# Description of the task:
Once the line containing "not be played." is found in the entries below, reproduce it and every line after it, stopping at and including the line containing "Stickade vantar i beige och vit"; reproduce nothing else, and keep each line exact.

# Extracted material:

◇ ◇ ◇ ◇ ◇ ◇ ◇

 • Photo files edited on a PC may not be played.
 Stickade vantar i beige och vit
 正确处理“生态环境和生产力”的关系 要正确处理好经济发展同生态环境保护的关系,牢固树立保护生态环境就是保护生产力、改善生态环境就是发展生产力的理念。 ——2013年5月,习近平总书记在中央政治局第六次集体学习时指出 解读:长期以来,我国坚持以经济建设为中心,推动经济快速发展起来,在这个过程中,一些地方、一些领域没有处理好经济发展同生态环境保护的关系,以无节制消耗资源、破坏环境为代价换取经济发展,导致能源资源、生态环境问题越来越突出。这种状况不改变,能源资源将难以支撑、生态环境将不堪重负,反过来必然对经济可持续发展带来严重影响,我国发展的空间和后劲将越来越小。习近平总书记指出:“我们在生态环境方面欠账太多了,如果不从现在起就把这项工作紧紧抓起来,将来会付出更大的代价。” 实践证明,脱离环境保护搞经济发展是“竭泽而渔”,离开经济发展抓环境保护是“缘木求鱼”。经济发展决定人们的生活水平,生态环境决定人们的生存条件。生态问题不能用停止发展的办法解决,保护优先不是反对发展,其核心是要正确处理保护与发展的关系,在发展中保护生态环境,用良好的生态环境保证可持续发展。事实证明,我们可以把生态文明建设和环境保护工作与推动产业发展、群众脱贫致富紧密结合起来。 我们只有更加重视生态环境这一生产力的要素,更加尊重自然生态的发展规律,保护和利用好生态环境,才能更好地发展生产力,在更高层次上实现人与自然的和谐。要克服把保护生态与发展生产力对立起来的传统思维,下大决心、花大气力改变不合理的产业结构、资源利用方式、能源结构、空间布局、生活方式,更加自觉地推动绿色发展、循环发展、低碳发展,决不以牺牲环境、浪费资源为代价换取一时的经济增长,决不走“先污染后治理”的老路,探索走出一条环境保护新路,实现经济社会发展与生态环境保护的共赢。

◇ ◇ ◇ ◇ ◇ ◇ ◇

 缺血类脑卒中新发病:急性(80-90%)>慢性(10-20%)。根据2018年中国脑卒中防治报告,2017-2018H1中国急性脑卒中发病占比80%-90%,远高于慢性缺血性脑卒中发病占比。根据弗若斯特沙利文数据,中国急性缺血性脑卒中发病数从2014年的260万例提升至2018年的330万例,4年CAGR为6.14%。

◇ ◇ ◇ ◇ ◇ ◇ ◇

# Task answer:
 • Photo files edited on a PC may not be played.
 Stickade vantar i beige och vit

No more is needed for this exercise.